> _The problem_
Would you transcribe exactly the lines from the one containing "Berühren Sie die" to the last line of the data below, both ends included, but none of the pictures?

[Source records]

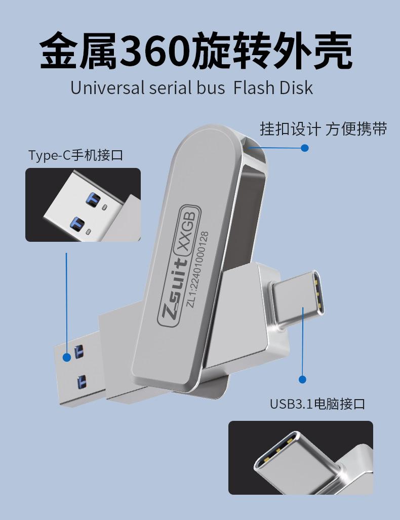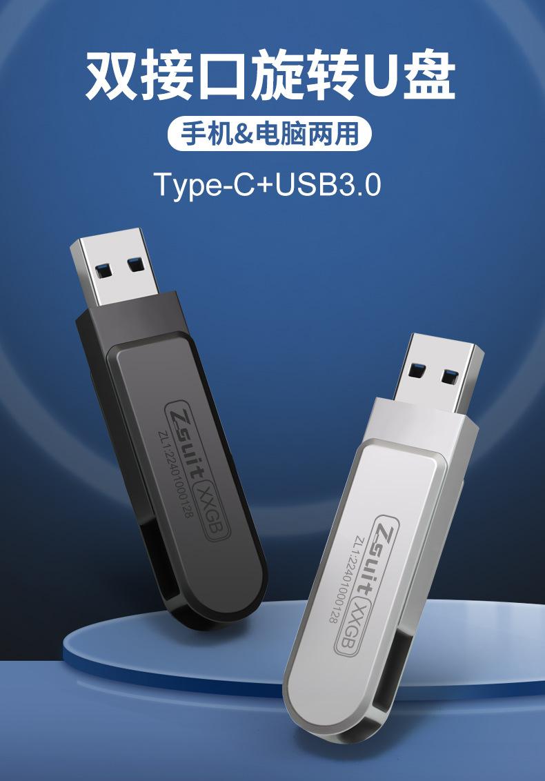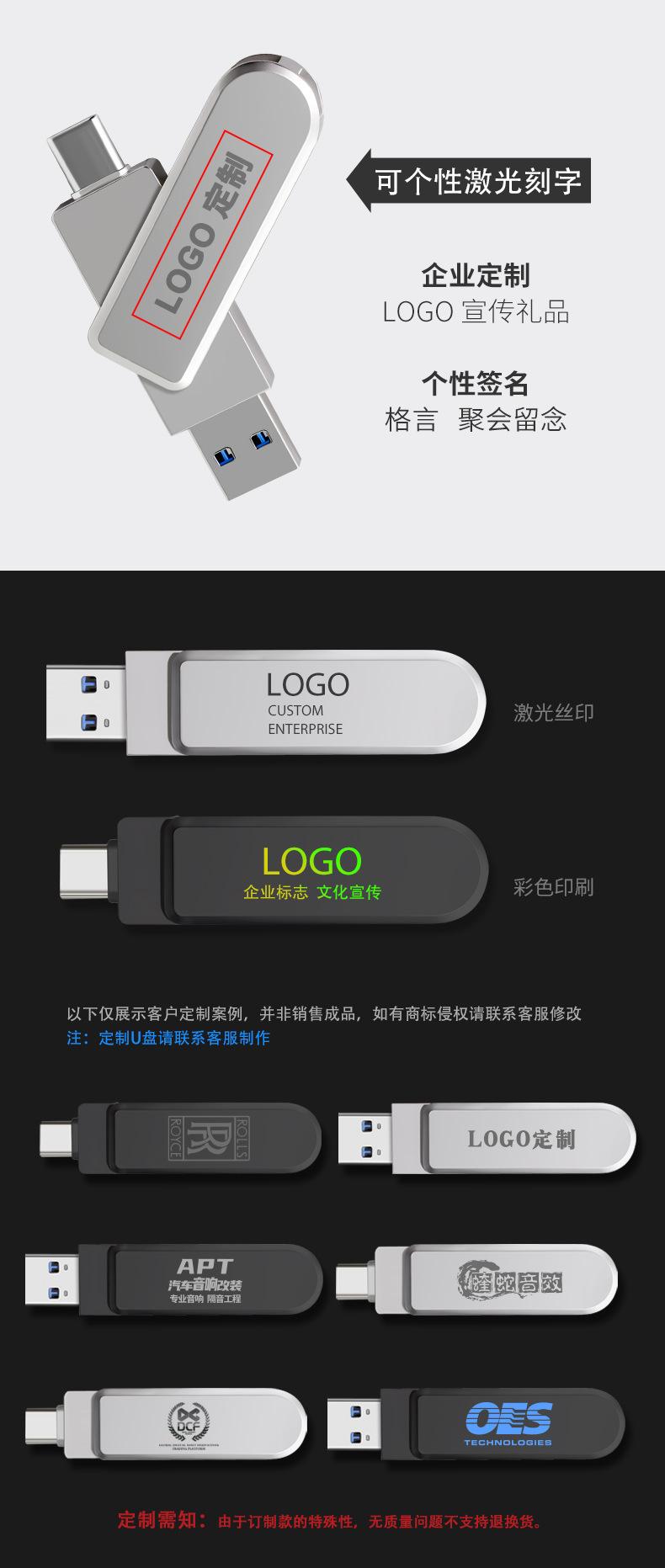 Telefone móvel U disco tipo-c cabeça dupla rotativa U disco 128g grande capacidade 256G3.0 carro USB armazenamento móvel
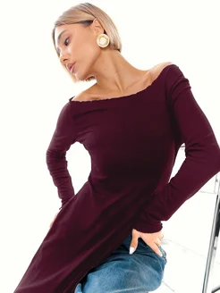 Бордовый лонгслив с открытыми плечами удлиненный
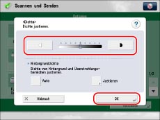 Berühren Sie die Taste oder , um die Dichte des Originals zu justieren → Berühren Sie nacheinander die Tasten [OK] → [Schließen].
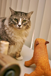 This was the second attempt at a tail. The first one just wouldn't turn inside-out. So I had to cut a new one. I sewed closer to the edge and made it shorter. I also left both ends open and then when I turned it, I kind of folded in the raw edges and stuffed some fluff into it and sewed it shut on the outside. Sewing it on the outside was the best I could do!
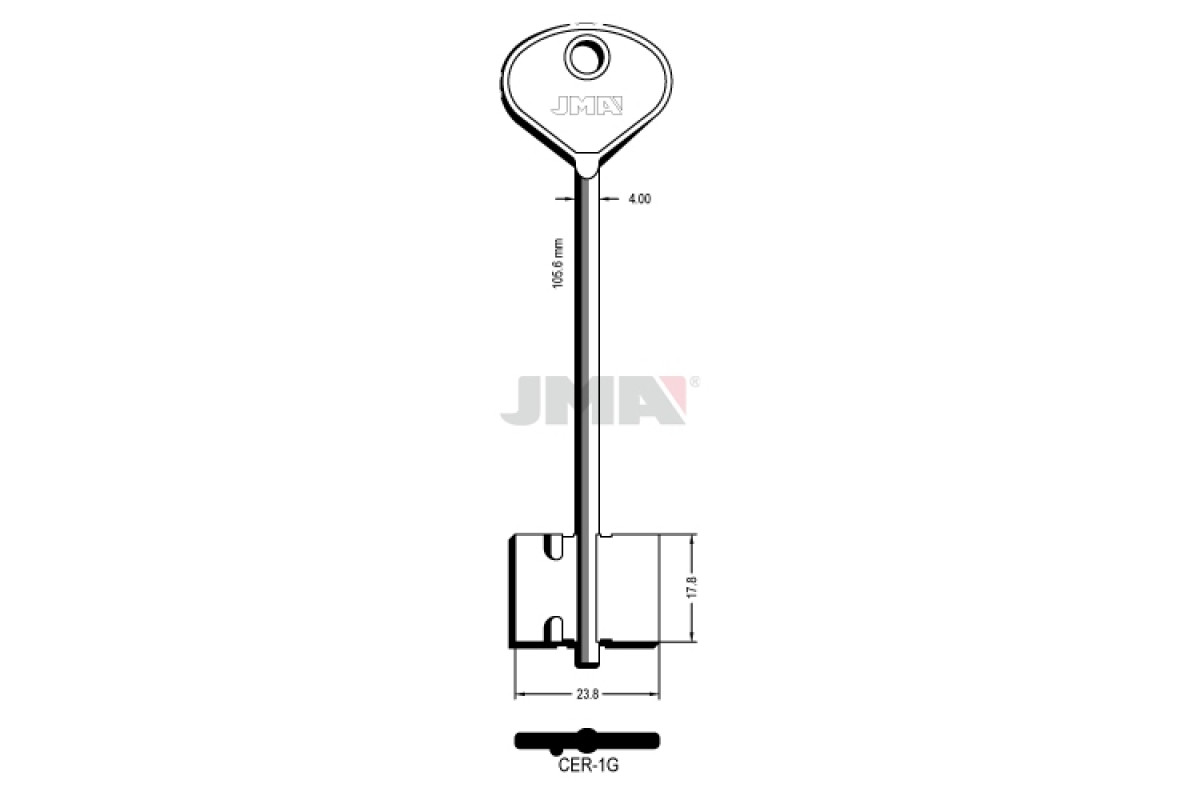 Заготовка ключа JMA CER1G/5CER7(S) — металева заготовка для виготовлення надійних дублікатів ключів, що забезпечує стабільну роботу замкового механізму та точну посадку.

> _Response for this exercise_
 Berühren Sie die Taste oder , um die Dichte des Originals zu justieren → Berühren Sie nacheinander die Tasten [OK] → [Schließen].
 This was the second attempt at a tail. The first one just wouldn't turn inside-out. So I had to cut a new one. I sewed closer to the edge and made it shorter. I also left both ends open and then when I turned it, I kind of folded in the raw edges and stuffed some fluff into it and sewed it shut on the outside. Sewing it on the outside was the best I could do!
 Заготовка ключа JMA CER1G/5CER7(S) — металева заготовка для виготовлення надійних дублікатів ключів, що забезпечує стабільну роботу замкового механізму та точну посадку.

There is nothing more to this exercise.